## [Data block]
....
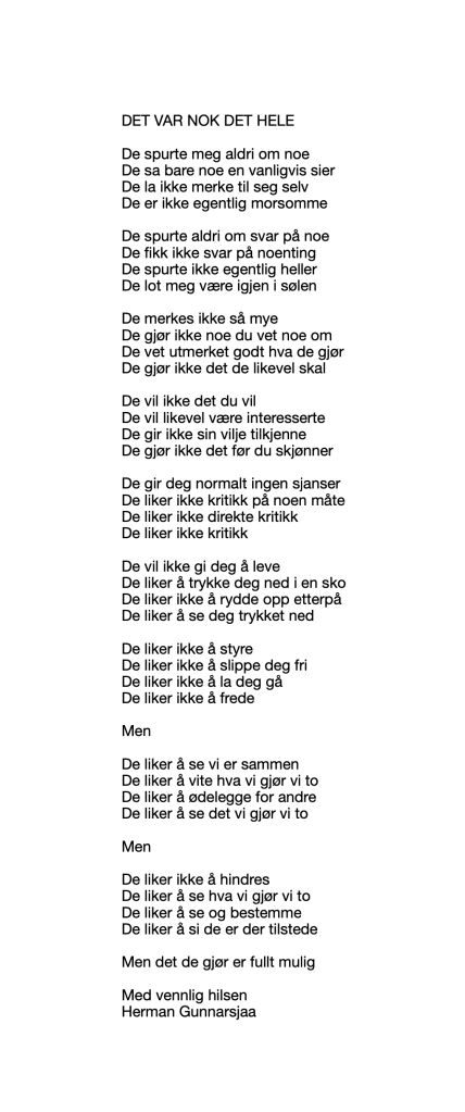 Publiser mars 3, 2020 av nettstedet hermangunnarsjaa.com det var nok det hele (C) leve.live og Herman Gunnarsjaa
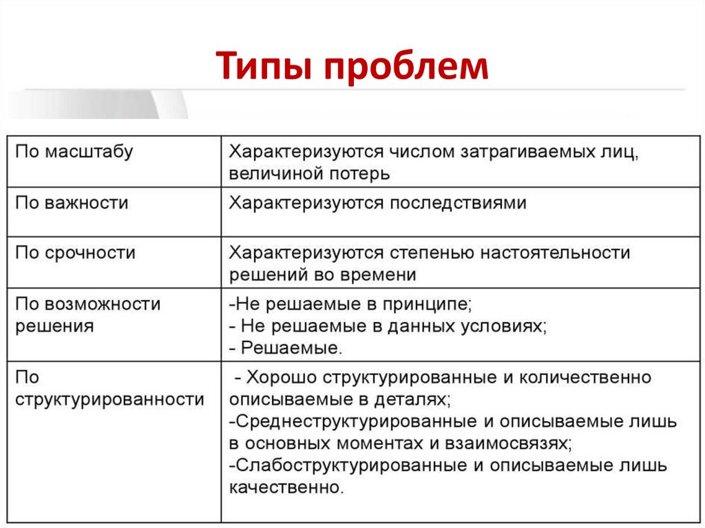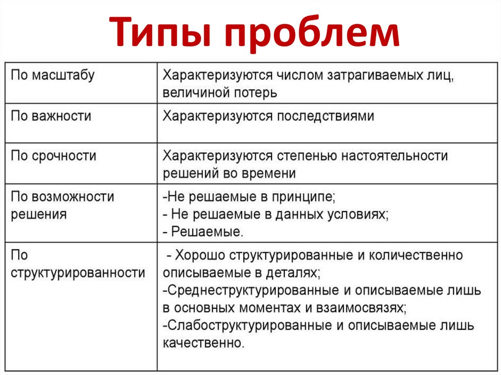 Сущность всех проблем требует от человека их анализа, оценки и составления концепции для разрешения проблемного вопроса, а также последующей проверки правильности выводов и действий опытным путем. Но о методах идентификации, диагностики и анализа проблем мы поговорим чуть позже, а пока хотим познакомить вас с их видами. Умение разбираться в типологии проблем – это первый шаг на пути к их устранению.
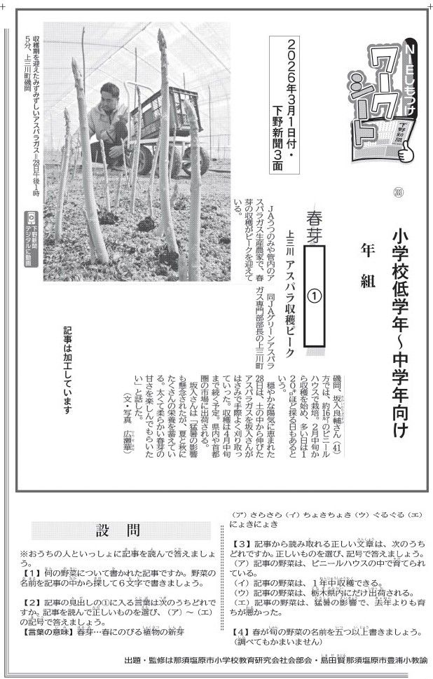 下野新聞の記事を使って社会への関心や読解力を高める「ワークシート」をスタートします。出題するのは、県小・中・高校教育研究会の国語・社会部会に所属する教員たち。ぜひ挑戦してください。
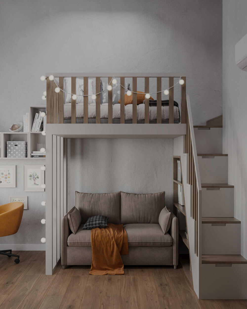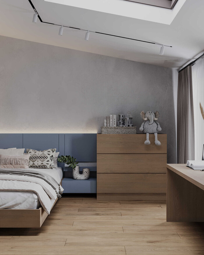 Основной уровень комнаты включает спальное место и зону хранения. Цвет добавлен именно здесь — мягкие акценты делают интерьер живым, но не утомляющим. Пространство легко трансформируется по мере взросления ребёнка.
....
## [Exercise requirements]
The span to retype runs from the line containing "Сущность всех проблем" through the last line of the listing above, both ends included; copy it exactly, without pictures.

## [Answer space]
 Сущность всех проблем требует от человека их анализа, оценки и составления концепции для разрешения проблемного вопроса, а также последующей проверки правильности выводов и действий опытным путем. Но о методах идентификации, диагностики и анализа проблем мы поговорим чуть позже, а пока хотим познакомить вас с их видами. Умение разбираться в типологии проблем – это первый шаг на пути к их устранению.
 下野新聞の記事を使って社会への関心や読解力を高める「ワークシート」をスタートします。出題するのは、県小・中・高校教育研究会の国語・社会部会に所属する教員たち。ぜひ挑戦してください。
 Основной уровень комнаты включает спальное место и зону хранения. Цвет добавлен именно здесь — мягкие акценты делают интерьер живым, но не утомляющим. Пространство легко трансформируется по мере взросления ребёнка.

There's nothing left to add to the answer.